Ese día con los contactos empezamos a adentrarnos en la selva y en un punto llegamos a un retén donde había tres pelados con uniforme militar armados con fusiles. Allí nos encapucharon y seguimos caminando por una hora aproximadamente hasta que llegamos a un campamento a eso del mediodía. Cuando nos sacaron las capuchas pudimos ver tiendas de campaña; cabañas de guaduas y palmas; hamacas colgadas por todas partes, cocinas, fogones con cazuelas humeantes que nos abrieron el apetito y varios hombres y mujeres que circulaban haciendo tareas diversas. Nos llevaron ante el jefe, comandante "Equis" -así nos lo presentaron- un tipo alto y delgado, con una larga pelambre negra que caía como cascada sobre las orejas desde una cachucha verde oliva, de barba candado del mismo color, tez aceitunada y curtida, nariz aguileña, cejas negras y espesas que echaban sombra sobre unos ojos curiosamente claros y de mirada inquisidora; parecía tener entre treinta y cinco y cuarenta años. Nos saludó con un apretón de manos y amablemente nos ofreció asiento en unas banquetas de madera de guayabo forradas con pieles.
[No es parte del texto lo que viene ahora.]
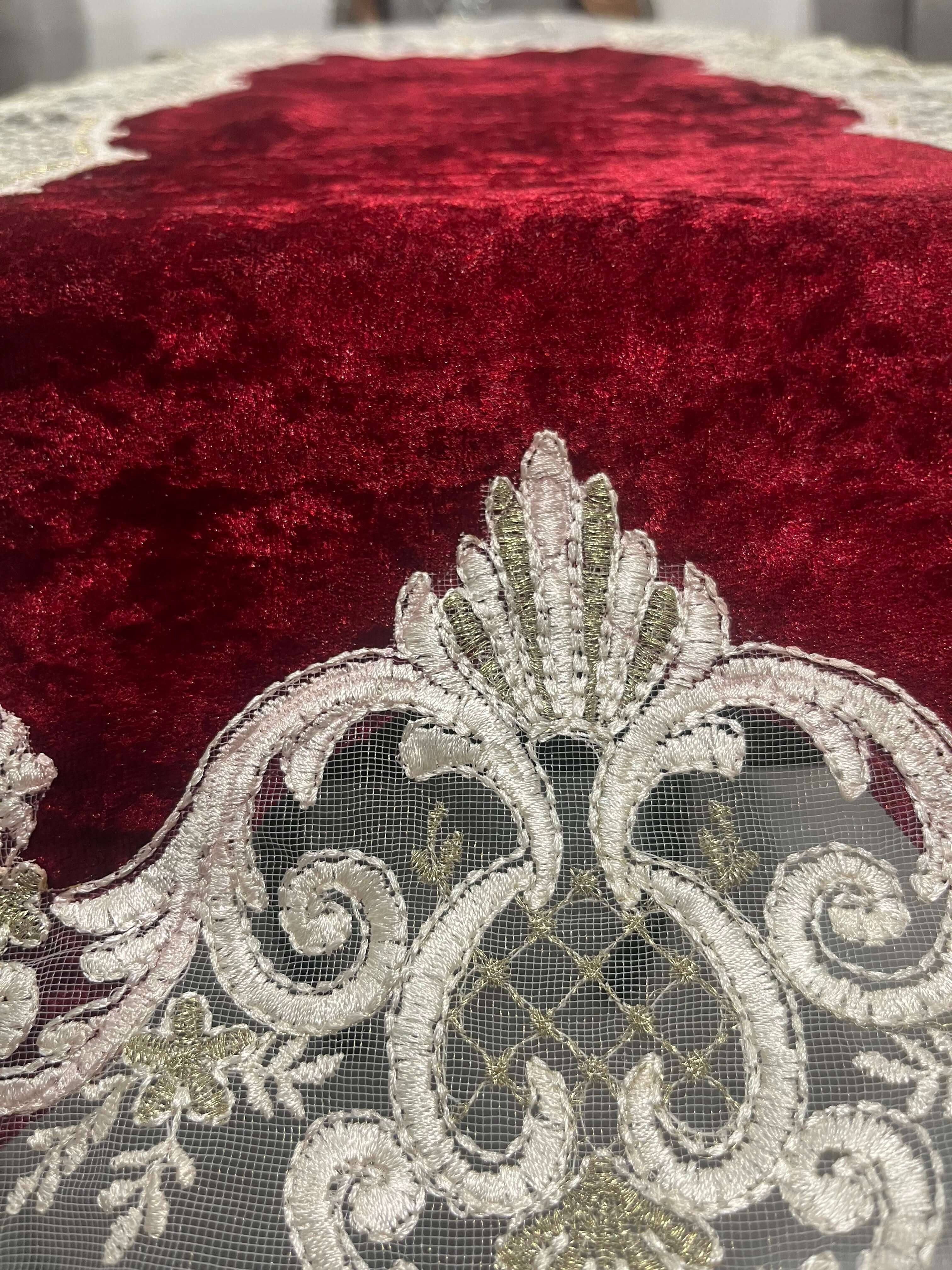 ✨ مخمل نرم و گیپور دقیق، جلوهای مدرن و لوکس به میز میبخشد

-¿Qué más compañeros, que se les ofrece?-nos dijo Equis después de hacer que nos sirvieran una buena taza de café- Ya algo me dijeron sobre el problema de ustedes, pero por favor denme detalles sobre esa vaina.
Así lo hicimos, dándole datos sobre la cantidad de hombres, de sus movimientos y precisa ubicación de la finca del tal Romero. También de la casa del pariente donde nos alojábamos, donde prometió que en pocos días se nos pagaría lo que se nos debía. Terminada la reunión nos hizo servir un suculento almuerzo para luego devolvernos por donde habíamos venido. Al día siguiente estábamos regresando a la casa. Ya más tranquilos, le dije al Ruflo que informara a los compañeros; yo tenía un asunto que atender con la mayor de las hermanas.
Habrían pasado dos días cuando vimos llegar a Equis con cuatro hombres trayendo a los empujones al crápula de nuestro ex patrón que venía con el terror pintado en la cara. Uno a uno nos fue pagando la deuda hasta el último peso, dejó una suma importante para su familia y sin despedirse de su esposa e hijas que no lo quisieron ver porque aun le temían, así como vino se lo llevaron. Agradecimos al jefe y cuando indagué, por pura curiosidad, sobre lo que sería de la suerte de estos malnacidos, apretó los labios y me miró con ojos que echaban fuego. No faltó más para entender.
La semana siguiente se nos pasó entre celebraciones y despedidas. De a poco se fueron yendo cada cual al encuentro con su destino. Con el Ruflo montamos de nuevo una canoa que nos facilitaron, otra vez río arriba. Había arreglado las cosas con Marta prometiendo que cuando consiguiera un trabajo estable iba a volver por ella y emprendimos viaje  para San José de donde me había llegado la noticia de que el hombre de la trifulca y por el que había huído, no había colgado los guayos. 
Con el tiempo nos enteramos que el M19 había hecho justicia con Romero y sus sicarios, que en el lugar habían encontrado más de un centenar y medio de cédulas, fotos y otros efectos personales, y que la finca había quedado en manos de Marta y sus hermanas, quienes la habían convertido en una explotación ganadera y agrícola floreciente.
Con el cucuteño, que resultó ser un buen compadre, anduvimos juntos un buen tiempo y nos juramentamos volver a aquélla isla. Pero como dice el refrán, que el hombre propone, la mujer dispone pero el diablo sopla, no cumplimos nunca.